● **What this task involves**
Take the lines from the one containing "Grüntöne mit hellen" through the end of the material and write them out exactly, omitting pictures.

● **Data block**

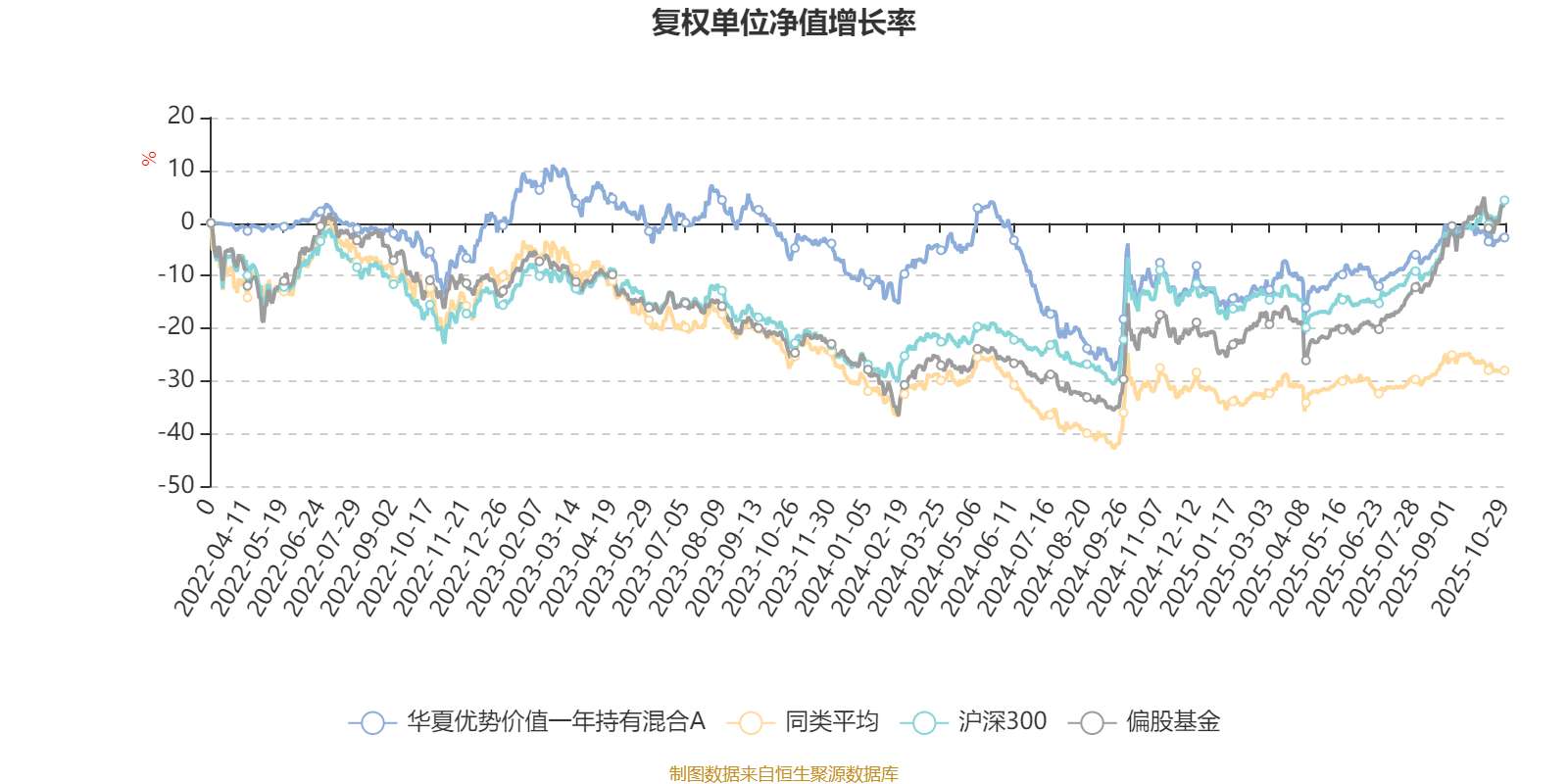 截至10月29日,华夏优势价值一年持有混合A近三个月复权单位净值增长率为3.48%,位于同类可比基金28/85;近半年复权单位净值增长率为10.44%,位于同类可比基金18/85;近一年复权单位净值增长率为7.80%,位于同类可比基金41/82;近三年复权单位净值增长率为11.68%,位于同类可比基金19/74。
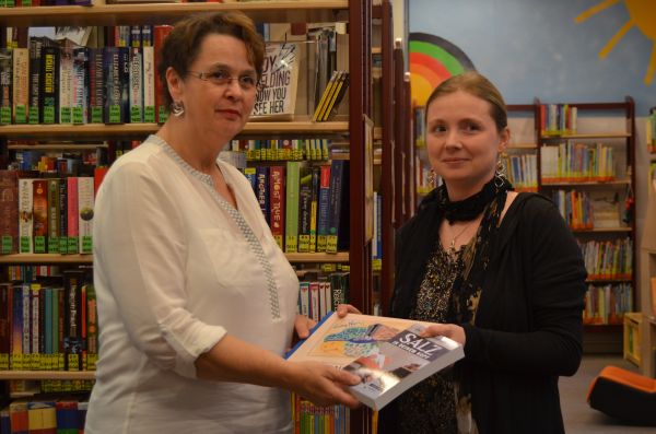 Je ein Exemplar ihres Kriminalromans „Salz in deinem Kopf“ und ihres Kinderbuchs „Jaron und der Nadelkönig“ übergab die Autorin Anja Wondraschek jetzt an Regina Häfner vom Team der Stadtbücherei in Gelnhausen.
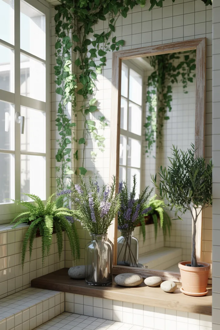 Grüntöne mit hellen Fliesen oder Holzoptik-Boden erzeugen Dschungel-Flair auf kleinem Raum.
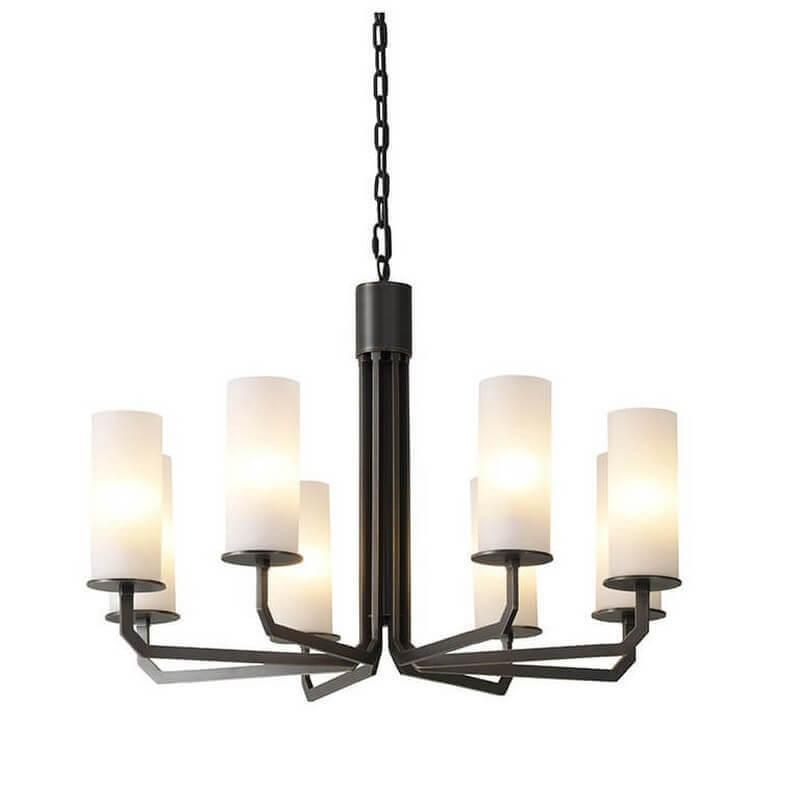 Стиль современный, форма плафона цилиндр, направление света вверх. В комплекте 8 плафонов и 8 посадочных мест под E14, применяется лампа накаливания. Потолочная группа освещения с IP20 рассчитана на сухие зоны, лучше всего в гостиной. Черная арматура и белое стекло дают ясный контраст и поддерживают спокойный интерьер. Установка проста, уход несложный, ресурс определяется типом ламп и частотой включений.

● **Task result**
 Grüntöne mit hellen Fliesen oder Holzoptik-Boden erzeugen Dschungel-Flair auf kleinem Raum.
 Стиль современный, форма плафона цилиндр, направление света вверх. В комплекте 8 плафонов и 8 посадочных мест под E14, применяется лампа накаливания. Потолочная группа освещения с IP20 рассчитана на сухие зоны, лучше всего в гостиной. Черная арматура и белое стекло дают ясный контраст и поддерживают спокойный интерьер. Установка проста, уход несложный, ресурс определяется типом ламп и частотой включений.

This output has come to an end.